Martin Obelt schrieb:


> Aber da der TE von Bayern schreib, ...



Richtig, für Bayern, aber Glöckchen ist Bönnsch und in NRW gilt das oben gesagte.


----------



## Ulli3D (30. Juni 2009)

*AW: Fischen ohne Schein aber in begleitung?*

Ich glaube nicht, dass er einen auf den "Sack" bekommt, er angelt ja nicht schwarz sondern sein Begleiter . Der würde aber wiederum überall in der Republik einen auf den Selbigen bekommen. In Bayern gibt es aber noch die Helferregelung.
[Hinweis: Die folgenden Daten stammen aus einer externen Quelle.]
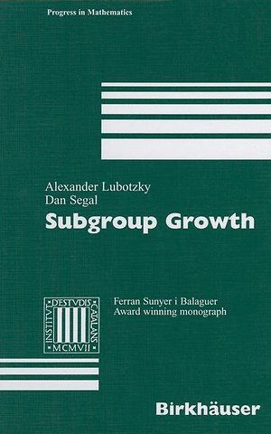 0 Introduction and Overview.- 0.1 Preliminary comments and definitions.- 0.2 Overview of the chapters.- 0.3 On CFSG.- 0.4 The windows.- 0.5 The ‘notes’.- 1 Basic Techniques of Subgroup Counting.- 1.1 Permutation representations.- 1.2 Quotients and subgroups.- 1.3 Group extensions.- 1.4 Nilpotent and soluble groups.- 1.5 Abelian groups I.- 1.6 Finite p-groups.- 1.7 Sylow’s theorem.- 1.8 Rest riet ing to soluble subgroups.- 1.9 Applications of the ‘minimal index’.- 1.10 Abelian groups II.- 1.11 Growth types.- Notes.- 2 Free Groups.- 2.1 The subgroup growth of free groups.- 2.2 Subnormal subgroups.- 2.3 Counting d-generator finite groups.- Notes.- 3 Groups with Exponential Subgroup Growth.- 3.1 Upper bounds.- 3.2 Lower bounds.- 3.3 Free pro-p groups.- 3.4 Normal subgroups in free pro-p groups.- 3.5 Relations in p-groups and Lie algebras.- Notes.- 4 Pro-p Groups.- 4.1 Pro-p groups with polynomial subgroup growth.- 4.2 Pro-p groups with slow subgroup growth.- 4.3 The groups $$SL_r^1({\mathbb{F}_p}[[t]])$$.- 4.4 A-perfect groups.- 4.5 The Nottingham group.- 4.6 Finitely presented pro-p groups.- Notes.- 5 Finitely Generated Groups with Polynomial Subgroup Growth.- 5.1 Preliminary observations.- 5.2 Linear groups with PSG.- 5.3 Upper chief factors.- 5.4 Groups of prosoluble type.- 5.5 Groups of finite upper rank.- 5.6 The degree of polynomial subgroup growth.- Notes.- 6 Congruence Subgroups.- 6.1 The characteristic 0 case.- 6.2 The positive characteristic case.- 6.3 Perfect Lie algebras.- 6.4 Normal congruence subgroups.- Notes.- 7 The Generalized Congruence Subgroup Problem.- 7.1 The congruence subgroup problem.- 7.2 Subgroup growth of lattices.- 7.3 Counting hyperbolic manifolds.- Notes.- 8 Linear Groups.- 8.1 Subgroup growth, characteristic 0.- 8.2 Residually nilpotent groups.- 8.3 Subgroup growth, characteristic p.- 8.4 Normal subgroup growth.- Notes.- 9 Soluble Groups.- 9.1 Metabelian groups.- 9.2 Residually nilpotent groups.- 9.3 Some finitely presented metabelian groups.- 9.4 Normal subgroup growth in metabelian groups.- Notes.- 10 Profinite Groups with Polynomial Subgroup Growth.- 10.1 Upper rank.- 10.2 Profinite groups with wPSG: structure.- 10.3 Quasi-semisimple groups.- 10.4 Profinite groups with wPSG: characterization.- 10.5 Weak PSG = PSG.- Notes.- 11 Probabilistic Methods.- 11.1 The probability measure.- 11.2 Generation probabilities.- 11.3 Maximal subgroups.- 11.4 Further applications.- 11.5 Pro-p groups.- Notes.- 12 Other Growth Conditions.- 12.1 Rank and bounded generation.- 12.2 Adelic groups.- 12.3 The structure of finite linear groups.- 12.4 Composition factors.- 12.5 BG, PIG and subgroup growth.- 12.6 Residually nilpotent groups.- 12.7 Arithmetic groups and the CSP.- 12.8 Examples.- Notes.- 13 The Growth Spectrum.- 13.1 Products of alternating groups.- 13.2 Some finitely generated permutation groups.- 13.3 Some profinite groups with restricted composition factors.- 13.4 Automorphisms of rooted trees.- Notes.- 14 Explicit Formulas and Asymptotics.- 14.1 Free groups and the modular group.- 14.2 Free products of finite groups.- 14.3 Modular subgroup arithmetic.- 14.4 Surface groups.- Notes.- 15 Zeta Functions I: Nilpotent Groups.- 15.1 Local zeta functions as p-adic integrals.- 15.2 Alternative methods.- 15.3 The zeta function of a nilpotent group.- Notes.- 16 Zeta Functions II: p-adic Analytic Groups.- 16.1 Integration on pro-p groups.- 16.2 Counting subgroups in a p-adic analytic group.- 16.3 Counting orbits.- 16.4 Counting p-groups.- Notes.- Windows.- 1 Finite Group Theory.- 1 Hall subgroups and Sylow bases.- 2 Carter subgroups.- 3 The Fitting subgroup.- 4 The generalized Fitting subgroup.- 5 Tate’s theorem.- 6 Rank and p-rank.- 7 Schur multiplier.- 8 Powerful p-groups.- 9 GLn and Sym(n).- 2 Finite Simple Groups.- 1 The list.- 2 Generators.- 3 Subgroups.- 4 Representations.- 5 Automorphisms.- 6 Schur multipliers.- 7 An elementary proof.- 3 Permutation Groups.- 1 Primitive groups.- 2 Groups with restricted sections.- 3 Subgroups of alternating groups.- 4 Profinite Groups.- 1 Completions.- 2 Free profinite groups.- 3 Profinite presentations.- 5 Pro-p Groups.- 1 Generators and relations.- 2 Pro-p groups of finite rank.- 3 Linear pro-p groups over local fields.- 4 Automorphisms of finite p-groups.- 5 Hall’s enumeration principle.- 6 Soluble Groups.- 1 Nilpotent groups.- 2 Soluble groups of finite rank.- 3 Finitely generated metabelian groups.- 7 Linear Groups.- 1 Soluble groups.- 2 Jordan’s theorem.- 3 Monomial groups.- 4 Finitely generated groups.- 5 Lang’s theorem.- 8 Linearity Conditions for Infinite Groups.- 1 Variations on Mal’cev’s local theorem.- 2 Groups that are residually of bounded rank.- 3 Applications of Ado’s theorem.- 9 Strong Approximation for Linear Groups.- 1 A variant of the Strong Approximation Theorem.- 2 Subgroups of SLn(Fp).- 3 The ‘Lubotzky alternative’.- 4 Strong approximation in positive characteristic.- 10 Primes.- 1 The Prime Number Theorem.- 2 Arithmetic progressions and the Bombieri-Vinogradov theorem.- 3 Global fields and Chebotarev’s theorem.- 11 Probability.- 12 p-adic Integrals and Logic.- 1 Results.- 2 A peek inside the black box.- Open Problems.- 1 ‘Growth spectrum’.- 2 Normal subgroup growth in pro-p groups and metabelian groups.- 3 The degree of f.g. nilpotent groups.- 4 Finite extensions.- 5 Soluble groups.- 6 Isospectral groups.- 7 Congruence subgroups, lattices in Lie groups.- 8 Other growth conditions.- 9 Zeta functions.

Der Helfer darf zwar nicht selber angeln aber er darf beim Angeln helfen. |rolleyes


----------



## Jemir (1. Juli 2009)

*AW: Fischen ohne Schein aber in begleitung?*



Martin Obelt schrieb:


> Als Helfer darf er den Kescher tragen.... mehr aber auch nicht - er darf theoretisch nichtmal eine fangbereite Angel außerhalb des Gewässers in der Hand halten....


 
Zumindest nicht in Gewässernähe, wenn kein Wasser in der Nähe ist kann er soviel haben wie er tragen kann


----------